— Exercise —
What is needed is an exact repetition of the lines from the first one in the data through the line with "Der sechste Tennisplatz", with no pictures.

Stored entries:
__________

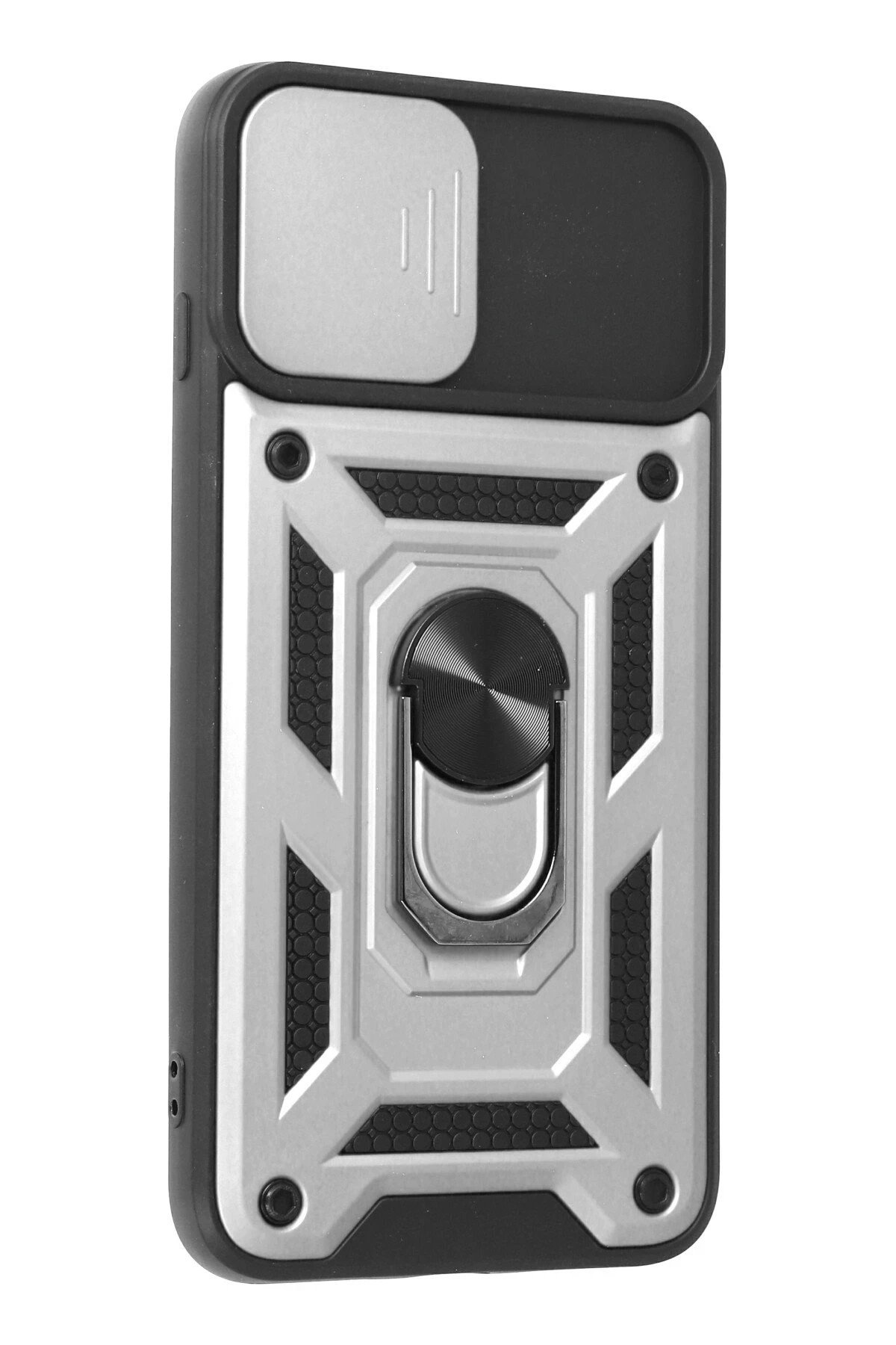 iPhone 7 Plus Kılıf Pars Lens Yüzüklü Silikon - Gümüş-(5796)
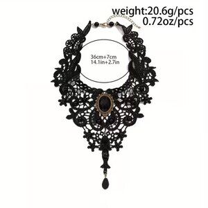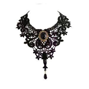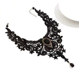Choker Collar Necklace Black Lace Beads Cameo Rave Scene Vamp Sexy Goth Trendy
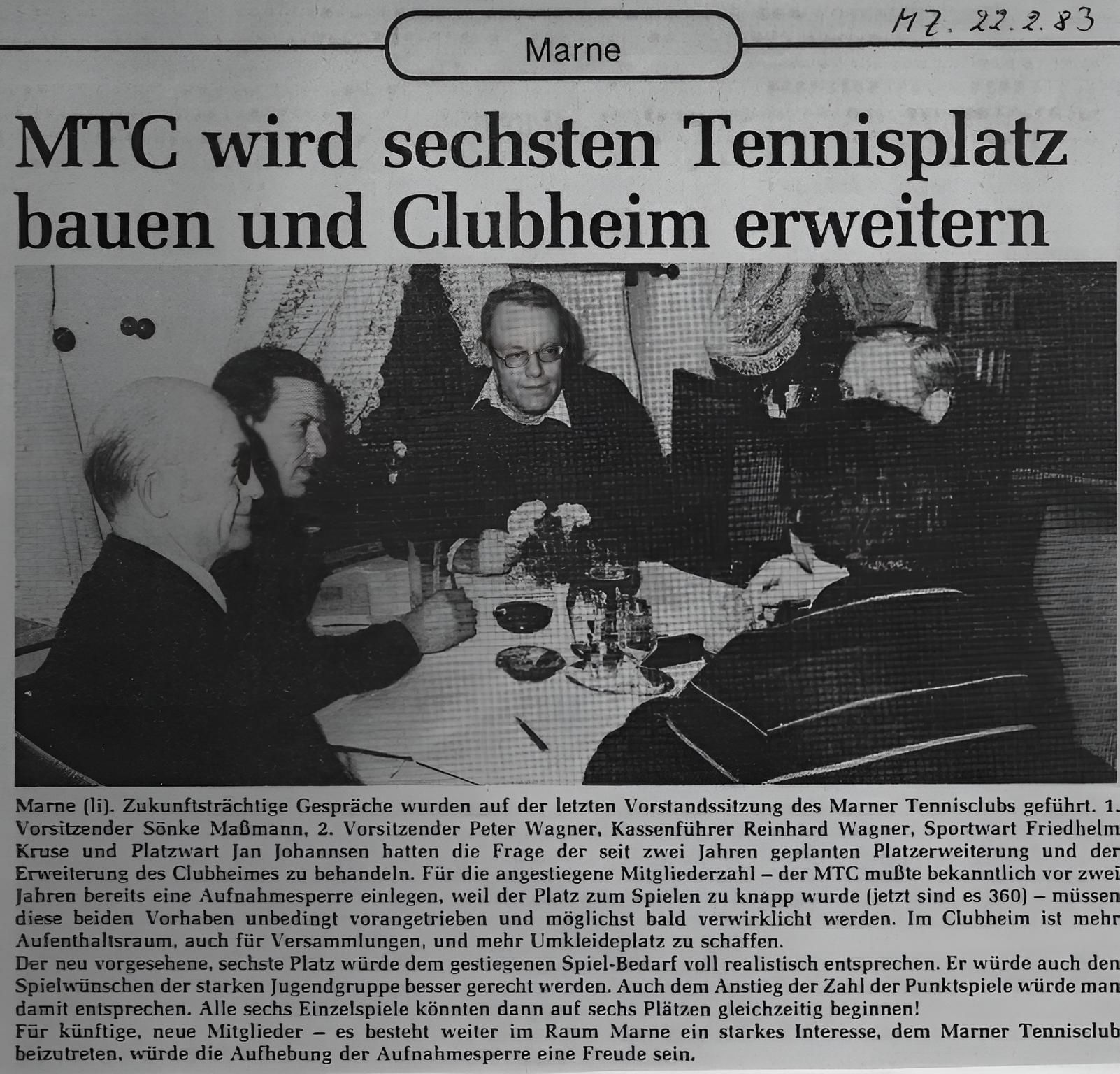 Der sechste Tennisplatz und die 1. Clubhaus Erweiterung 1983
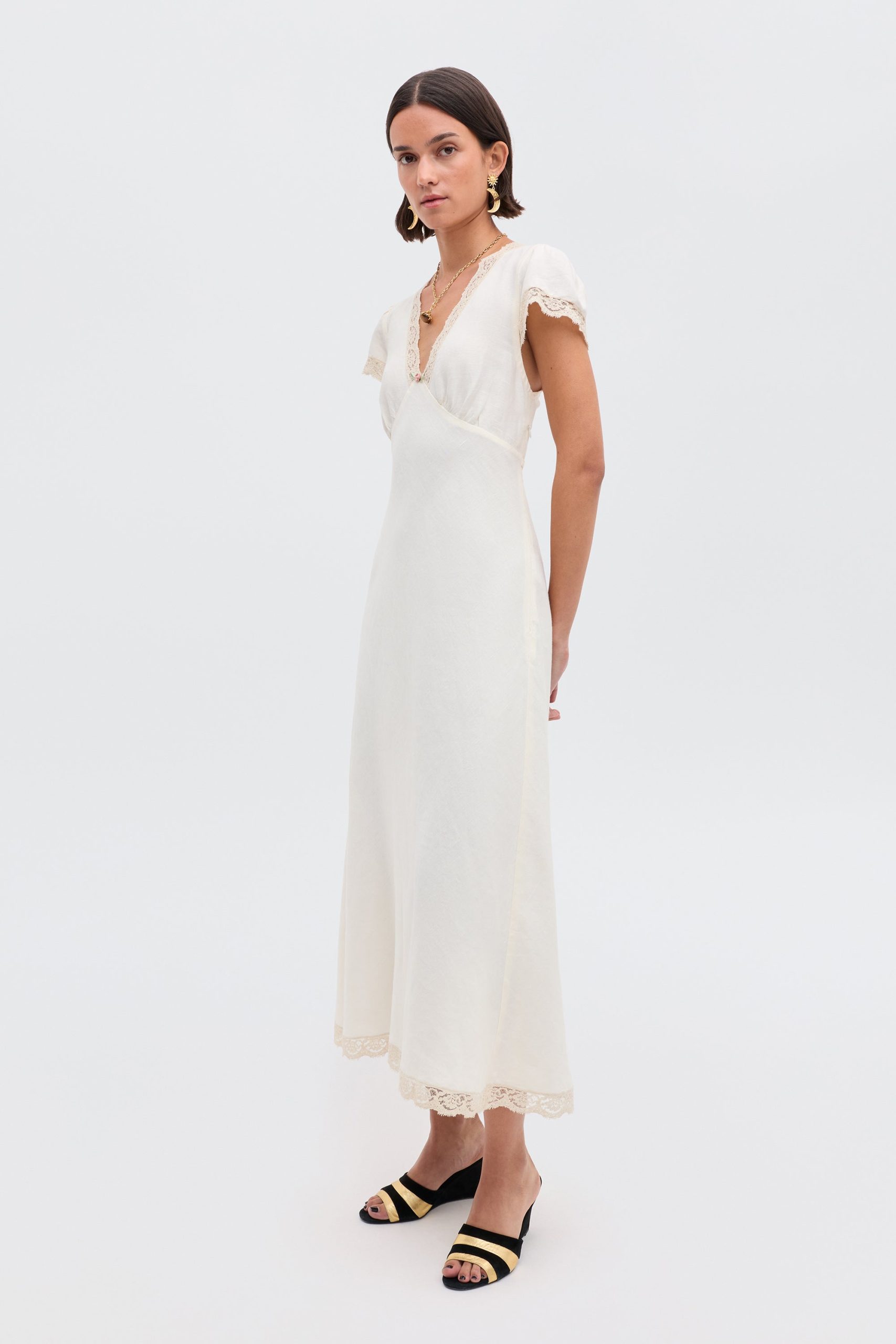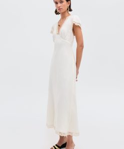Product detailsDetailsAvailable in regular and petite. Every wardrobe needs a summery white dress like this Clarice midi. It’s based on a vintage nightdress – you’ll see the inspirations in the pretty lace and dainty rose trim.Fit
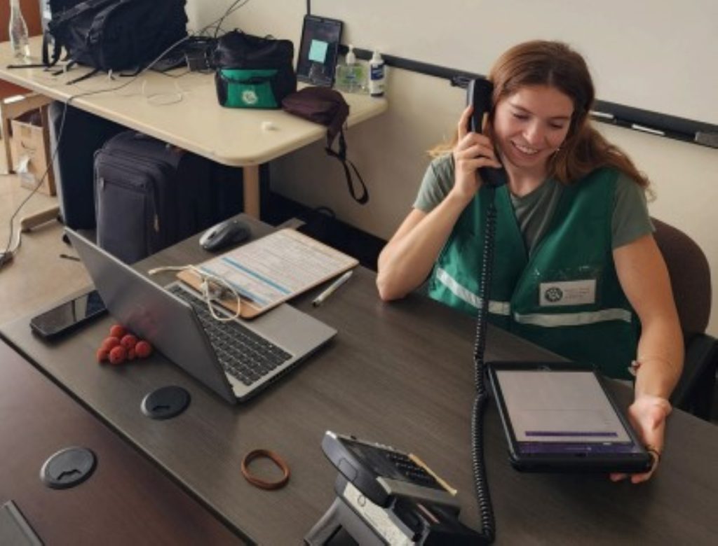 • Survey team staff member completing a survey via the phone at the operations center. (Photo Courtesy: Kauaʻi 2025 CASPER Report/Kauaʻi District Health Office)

__________

— Answer box —
 iPhone 7 Plus Kılıf Pars Lens Yüzüklü Silikon - Gümüş-(5796)
Choker Collar Necklace Black Lace Beads Cameo Rave Scene Vamp Sexy Goth Trendy
 Der sechste Tennisplatz und die 1. Clubhaus Erweiterung 1983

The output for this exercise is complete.